PROBLEM REQUIREMENTS: Your copy should contain exactly the lines from the start of the material through the line containing "De camino hacia", and no pictures.
(GIVEN RECORDS begins)
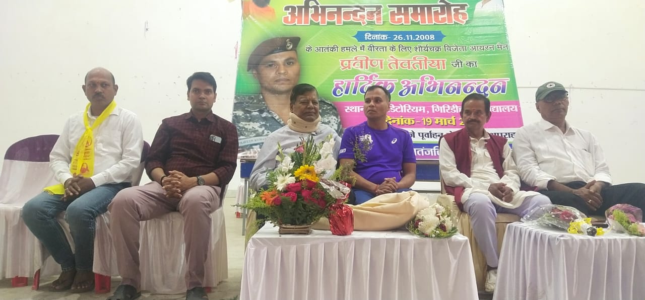 गिरिडीह : 26/11 के मुंबई आतंकी हमले में अपनी जान की परवाह न करते हुए| आतंकवादियों को ढेर करने वाले शौर्य चक्र विजेता मार्कोस कमांडोज प्रवीण तेवतिया भारत स्वाभिमान के तत्वाधान में योग शिविर और युवाओं को राष्ट्र सेवा और योग के प्रति प्रेरित करने के लिए गिरिडीह पहुंचे| प्रातः काल कबीर ज्ञान मन्दिर में उन्होंने पतंजलि परिवार के कार्यकर्ताओं को योग का प्रशिक्षण दिया| तत्पश्चात गिरिडीह कॉलेज सभागार में सैकड़ो युवाओं को संबोधित करते हुए उन्होंने कहा कि हम अपने जन्म और मृत्यु को तय नहीं कर सकते| परंतु अपने जीवन काल में अपने भाग्य के निर्माता हम स्वयं हैं| मन के हारे हार है मन के जीते जीत इस कहावत को चरितार्थ करने वाले तीन बार आयरन मैन का खिताब हासिल करने वाले प्रवीण  को सुनकर युवा आत्मविश्वास से लवरेज हो गए|
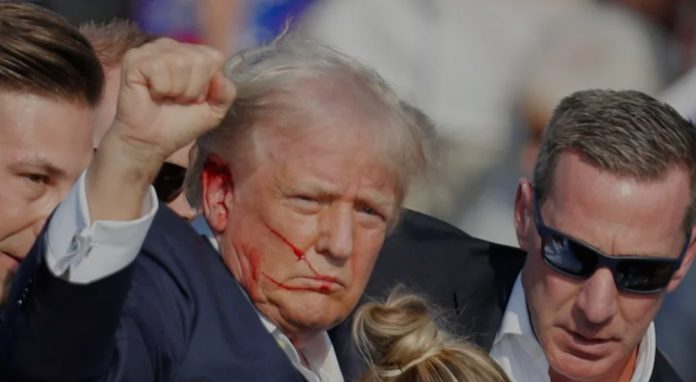 De camino hacia la camioneta que lo llevaría fuera del evento político, Trump levantó el puño hacia sus simpatizantes para mostrar que se encontraba bien mientras sangraba de la oreja
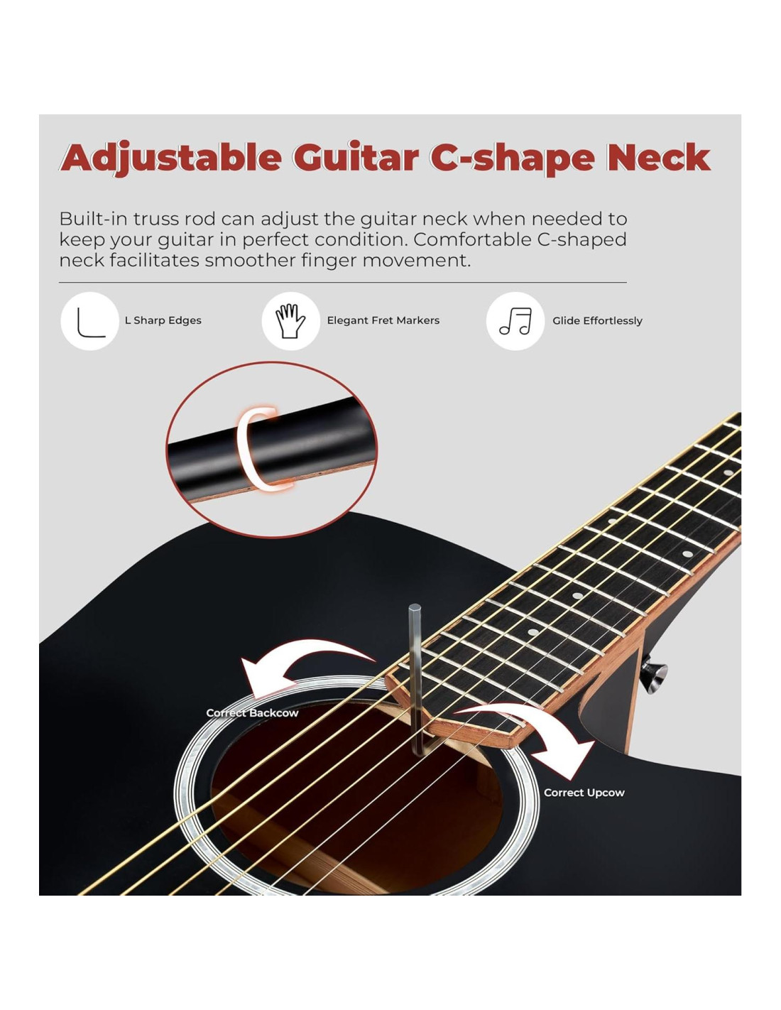 - Diseño Versátil: Estilo de cuerpo Dreadnought y preamplificador incorporado con EQ te permiten tocar acústico o conectar para presentaciones en vivo. Guitarra acústica eléctrica de 36" con diseño cutaway proporciona fácil acceso a los trastes superiores.
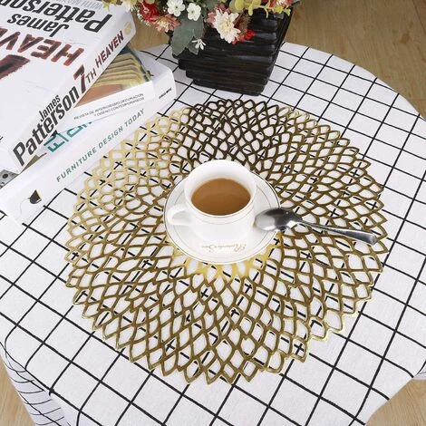 Dimensioni: ogni tovaglietta ha un diametro di 38 cm ed è adatta a tutte le dimensioni del tavolo. Se il processo è rugoso, puoi immergere la tovaglietta in acqua tiepida a 60 ° C per alcuni minuti per rimuoverla.
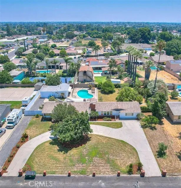 Over half an acre ranch style home with a one bed, one bath ADU and pool! This great property is on the west side of Chino, with a short 5-minute drive to Costco or the Ranch 99 market in Chino Hills. The main home is a 3-bedroom 3 bath one story with appx. 2350 sf. Title shows as a 1918 sf. 2-bedroom 2 bathroom, which does not reflect the garage to living space conversion that added a bedroom and a bathroom. The home has two entrances for a two-family living arrangement, if desired. The home boasts hardwood floors that are in great condition, a remodeled kitchen with white lacquer cabinets and quartz counter tops, a spacious living room with fireplace, and an oversized family room with wood beam ceilings and a fireplace. The family room is stunning with the wood vaulted ceiling and windows viewing to the front and back yards. The kitchen has a gas range, stainless steel sink, recessed lights, and a view to the back yard pool. From the dining area, French doors exit to the back yard covered porch and pool area. The secondary bedrooms are oversized with a hallway 3/4 bath. Dual pane windows are throughout most of the home. A tankless water heater, plus a dedicated water heater for the bedroom addition. There is a storage room near the family room with an exit to the back yard. The primary bedroom has high ceilings, recessed lights, a built-in dresser, and a 3/4 bathroom with a walk-in shower. A large lawn with automatic sprinklers and fruit trees offers country living! A large circular driveway and an additional long driveway with an electric gate and 2 car garage provides a
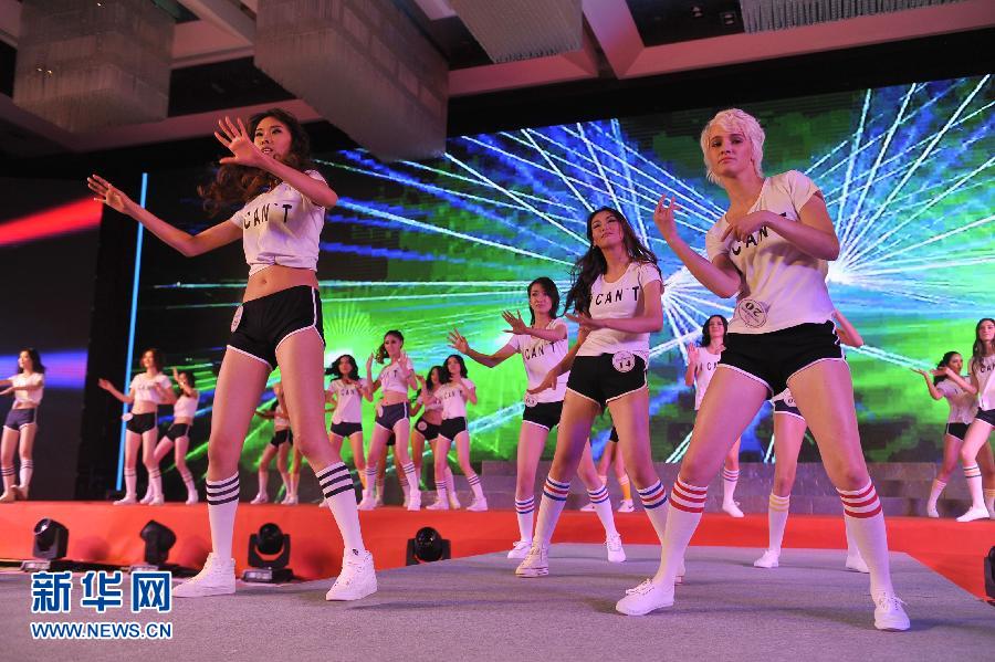 12月17日,参赛模特在比赛现场进行展示。当日,“新风尚·中国车模国际交流赛暨2014汽车模特新星全国选拔赛总决赛”在北京举行,来自全国32个分赛区的冠军齐聚北京,与15名来自法国、乌克兰等国家的外国模特同台比拼。新华社记者鲁鹏摄
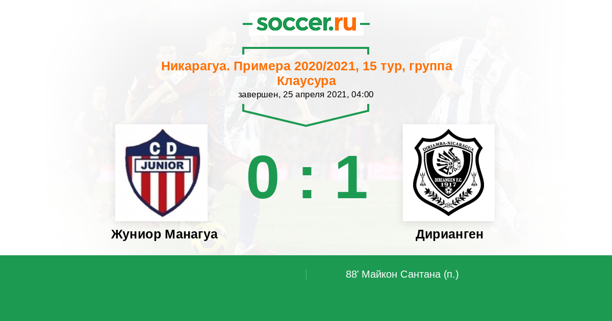 Протокол матча Жуниор Манагуа против Дирианген
(GIVEN RECORDS ends)
ANSWER SPACE:
 गिरिडीह : 26/11 के मुंबई आतंकी हमले में अपनी जान की परवाह न करते हुए| आतंकवादियों को ढेर करने वाले शौर्य चक्र विजेता मार्कोस कमांडोज प्रवीण तेवतिया भारत स्वाभिमान के तत्वाधान में योग शिविर और युवाओं को राष्ट्र सेवा और योग के प्रति प्रेरित करने के लिए गिरिडीह पहुंचे| प्रातः काल कबीर ज्ञान मन्दिर में उन्होंने पतंजलि परिवार के कार्यकर्ताओं को योग का प्रशिक्षण दिया| तत्पश्चात गिरिडीह कॉलेज सभागार में सैकड़ो युवाओं को संबोधित करते हुए उन्होंने कहा कि हम अपने जन्म और मृत्यु को तय नहीं कर सकते| परंतु अपने जीवन काल में अपने भाग्य के निर्माता हम स्वयं हैं| मन के हारे हार है मन के जीते जीत इस कहावत को चरितार्थ करने वाले तीन बार आयरन मैन का खिताब हासिल करने वाले प्रवीण  को सुनकर युवा आत्मविश्वास से लवरेज हो गए|
 De camino hacia la camioneta que lo llevaría fuera del evento político, Trump levantó el puño hacia sus simpatizantes para mostrar que se encontraba bien mientras sangraba de la oreja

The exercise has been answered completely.